At last Master Omanah returned with an armload of books. “Be delicate with these. They are priceless artifacts.” He left the two friends to study and returned to the first room.
“They’re all histories,” Benn said, looking them over. Each book he glanced at, he passed to her: “The Diandoran Wars” first, then “Mistress Horva’s Study of Raderan Prehistory”, “The Dawn of Race”, and “Before the Orrish Volume 2”.
“This tells us little,” Raya said. “Nalisa Orr studied history. Or even just collects it. She may not even know anything about it.”
Benn nodded. “We learned she’s real though, and that she’s been in Vagren a few times,” he said, positively. “Let’s go speak with Omanah again.”
The archivist didn’t know anything about the other name, Axar. On a whim, Benn asked if Nalisa Orr was a local in Vagren or not. Omanah pursed his lips. “I shouldn’t discuss the privacy of business partners, but, Benn, you seem harmless. I don’t know if she’s still here, because I haven’t seen her in so long—but! I know Mistress Nalisa did have a house in the city. I’ll jot down its address and you two can ask her about her collection if you so desire.”
They wished him a good day and then discussed their next move in front of the Archive’s exterior steps. It was misfortunate that Nalisa Orr hadn’t returned to the Archive in more than half a year, and even more-so that the archivists had no explanation why. The name Axar held no weight as an author, a subject, or any other known persona.
“Let’s go to the address then,” Raya decided.
Benn blinked. “What will we say if they ask?” he said, as they started walking.
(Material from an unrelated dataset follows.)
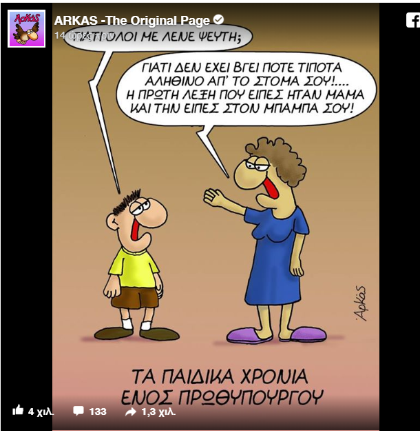 Δύο νέα σκίτσα δημοσίευσε στην επίσημη σελίδα του στο Facebook ο Αρκάς δίνοντας συνέχεια στα «παιδικά χρόνια ενός πρωθυπουργού».

The address wasn’t far—the Archives were already in the wealthy district.
“We’re lost, we’re looking for a different address,” she said. “They probably moved, like Omanah said.”
It took them about half an hour to find the place, but there was plenty of sunlight left. The curfew wasn’t approaching yet. The property once or currently owned by Nalisa Orr was not a lavish mansion like some they had passed, but it was a large, three-storey house built out of fine timber and granite supports. The front panelling was painted a dark blue, and proper gravelly shingles covered the steeple roof. There was a small juniper tree in the front yard, behind a small wooden fence.
“What are you doing?” Raya asked, when Benn opened the small hinged gate and walked up the path toward the front door.
“Asking for direction,” Benn said, with a wink. Raya hurriedly caught up and kept close to her friend. They reached the huge wooden door. She reached for the door knocker, an ornate arrowhead made of bronze and red rock. Before she touched it, Benn snatched her hand now. “Let’s just listen and look, first,” he said.
Raya nodded. “I’m quieter,” she told him, and snuck over to the nearby window. She glanced in slowly, and froze.
A woman sat in an armchair in there, with short brown hair pulled back from her face. She was speaking to someone Raya couldn’t see, blocked by a curtain of beads. Glass blocked the window, so the beads seemed out of place—as did the dark purple lines drawn beneath the woman’s eyes. It was Lotha, in this unknown house. She didn’t see Raya; she was busily engaged in a conversation with whomever else was there. A bearded man entered the room, and sat down to Lotha’s left. Raya didn’t recognize him, and backed away from the window before she was spotted, breath held.